Successful Treatment of Hepatocellular Carcinoma Complicated by Fanconi Anemia.

A 42-year-old woman with liver tumors was referred to our hospital. Her condition was complicated by Fanconi anemia, and she had undergone total laryngectomy 8 years ago. On admission, contrast-enhanced computed tomography revealed hypervascular tumors in the right hepatic lobe. Ultrasound-guided tumor biopsy revealed that the tumor comprised moderately differentiated hepatocellular carcinoma. Although the patient exhibited preserved liver function (Child-Pugh A), complete blood count revealed severe pancytopenia. Eventually, the tumor was successfully treated by transcatheter arterial embolization (TAE). Both platelet transfusion and systemic administration of antibiotics were performed. She was discharged 35 days after TAE.

Introduction

Fanconi anemia (FA) is an inherited aplastic anemia that is characterized by congenital abnormalities such as skeletal defects and hypopigmentation, progressive bone marrow failure, and susceptibility to malignancies [1]. FA is considered to be caused by mutations in genes regulating replication-dependent removal of interstrand DNA crosslinks [2]. Apoptotic induction in hematopoietic stem cells (HSCs) caused by unrepaired DNA damage resulted in depletion of HSCs; this further leads to pancytopenia [3]. It has been shown that 75–90% of the patients demonstrate pancytopenia. Allogeneic HSC transplantation, which is the only curative modality for bone marrow failure in patients with FA, has been reported to contribute to favorable survival [4].

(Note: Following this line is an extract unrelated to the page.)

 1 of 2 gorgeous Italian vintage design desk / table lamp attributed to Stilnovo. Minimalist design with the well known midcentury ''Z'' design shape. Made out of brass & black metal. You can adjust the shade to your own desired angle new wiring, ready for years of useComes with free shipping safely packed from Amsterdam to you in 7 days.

FA patients frequently develop hematological and nonhematological malignancies [5]. It has been reported that these patients carry a more than 500-fold higher risk of developing hematological malignancies such as leukemia and myelodysplastic syndrome compared with healthy people. Among solid tumors, the development of head and neck squamous cell carcinoma has been well documented, but the incidence of hepatocellular carcinoma (HCC) appears to be less common [6]. Therefore, the clinical condition and treatment approach for HCC in FA patients remain to be elucidated.

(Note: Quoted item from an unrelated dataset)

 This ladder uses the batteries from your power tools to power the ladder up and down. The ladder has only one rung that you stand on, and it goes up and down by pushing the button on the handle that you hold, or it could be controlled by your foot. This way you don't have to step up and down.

Here, we describe an unusual case of HCC complicated by FA, wherein the patient was successfully treated with transcatheter arterial embolization (TAE).

Case Report

A 42-year-old woman was admitted to our hospital for the treatment of liver tumors. Her condition had been complicated by aplastic anemia 33 years ago, and at that time, she was treated with anabolic steroids. She did not get the opportunity to receive HSC transplantation. She was ultimately diagnosed with FA based on the findings of mitomycin C-induced chromosomal breakage analysis in lymphocyte cultures 8 years ago. In the same year, she developed laryngeal cancer and received total laryngectomy. Three months prior to admission to our hospital, she developed multiple pyogenic abscesses in pelvic muscles. Although she was successfully treated with the systemic administration of antibiotics, multiple liver tumors were detected.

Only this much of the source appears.